Your task:
Below this sentence is a listing; return exactly its lines from the one with "C组(n=30) | P值 |" to the one with "Incredible accommodation, 3", both kept, and nothing more.

Data in this exercise:
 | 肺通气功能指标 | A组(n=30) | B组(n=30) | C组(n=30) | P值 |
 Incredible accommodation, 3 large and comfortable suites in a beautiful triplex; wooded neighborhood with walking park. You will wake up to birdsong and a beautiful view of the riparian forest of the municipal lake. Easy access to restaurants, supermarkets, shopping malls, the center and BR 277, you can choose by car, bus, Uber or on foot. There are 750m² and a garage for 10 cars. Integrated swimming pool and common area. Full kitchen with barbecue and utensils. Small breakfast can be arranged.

...

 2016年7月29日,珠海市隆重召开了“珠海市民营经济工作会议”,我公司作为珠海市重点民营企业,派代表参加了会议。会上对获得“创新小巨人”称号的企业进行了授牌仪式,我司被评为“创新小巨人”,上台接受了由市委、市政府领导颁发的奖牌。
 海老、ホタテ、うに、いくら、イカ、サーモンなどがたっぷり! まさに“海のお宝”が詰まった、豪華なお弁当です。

Answer section:
 | 肺通气功能指标 | A组(n=30) | B组(n=30) | C组(n=30) | P值 |
 Incredible accommodation, 3 large and comfortable suites in a beautiful triplex; wooded neighborhood with walking park. You will wake up to birdsong and a beautiful view of the riparian forest of the municipal lake. Easy access to restaurants, supermarkets, shopping malls, the center and BR 277, you can choose by car, bus, Uber or on foot. There are 750m² and a garage for 10 cars. Integrated swimming pool and common area. Full kitchen with barbecue and utensils. Small breakfast can be arranged.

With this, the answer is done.